+++ Data shown

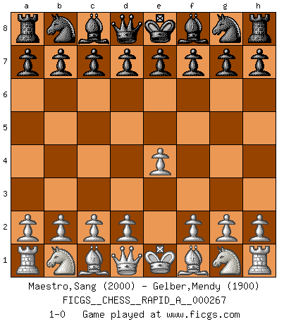 Last move : 1-0 2021 April 15 8:56:3 [Event "FICGS__CHESS__RAPID_A__000267"] [Site "FICGS"] [Date "2021.03.16"] [Round "1"] [White "Maestro,Sang"] [Black "Gelber,Mendy"] [Result "1-0"] [WhiteElo "2000"] [BlackElo "1900"] 1.e4 1-0 This chess game has been lost on time (started : 2021.03.16 5:5:30) King's pawn Opening Player White won this chess game. Follow this game move after move (download)Chess, like love, is infectious at any age. (Flohr) Den Ruhm habe ich schon, jetzt brauche ich noch das Geld. (Wilhelm Steinitz) Solo existe una cosa que Fischer hace en el Ajedrez sin placer: ¡perder!. (Boris Spassky) 'L'échange des dames est un coup dur pour les deux adversaires...' Un journaliste lors d'une partie du match Spassky-Fischer In fact if nothing is done against this teddy bear, hereby I announce that I would quit chess, rapid chess, blitz chess, postal chess, email chess, server chess and correspondence chess I will then switch to a table game where teddy bears aren't going to be seen for a while, like Poker, or Roulette, all 18+ games. (Elmer Valderrama)
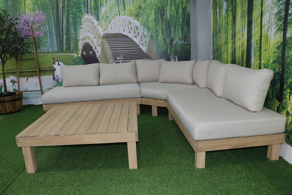 Acacia Wood Corner Sofa Set Durable Outdoor Sectional for Patio Garden Resort and Commercial Hospitality Seating Use
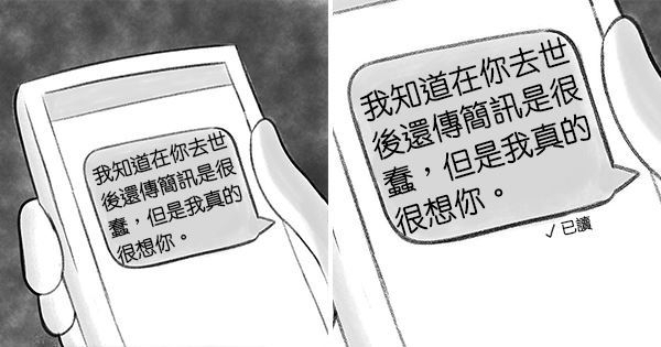 ▼「我知道在你死後傳簡訊給你是一件很愚蠢的事,可是我很想你。」
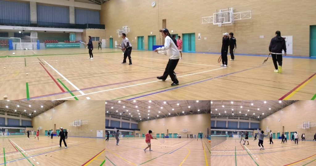 | 持物 | ソフトテニスが出来る格好、水分、室内用シューズ |
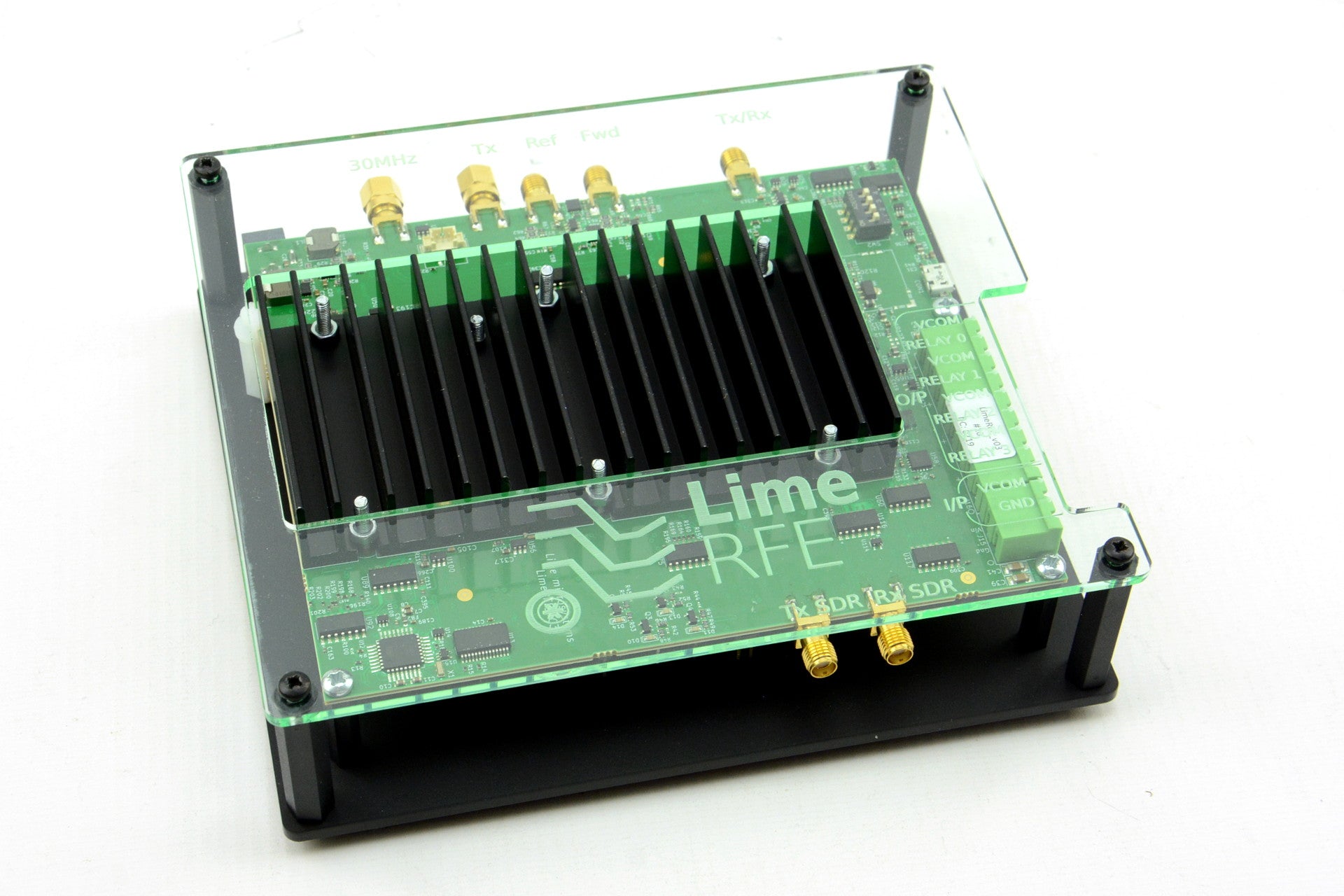 Lime RF Front-End (LimeRFE) is an open hardware RF front-end module with support circuitry to augment the LimeSDR family of boards and LimeNET Micro, providing a complete solution that addresses applications ranging from amateur radio to standards-compliant cellular networks.

++++++

Each line from the one that holds "持物 | ソフトテニスが出来る格好、水分、室内用シューズ |" through the end of the entries must be returned exactly, while any pictures stay out.

**Response to this exercise:**
 | 持物 | ソフトテニスが出来る格好、水分、室内用シューズ |
 Lime RF Front-End (LimeRFE) is an open hardware RF front-end module with support circuitry to augment the LimeSDR family of boards and LimeNET Micro, providing a complete solution that addresses applications ranging from amateur radio to standards-compliant cellular networks.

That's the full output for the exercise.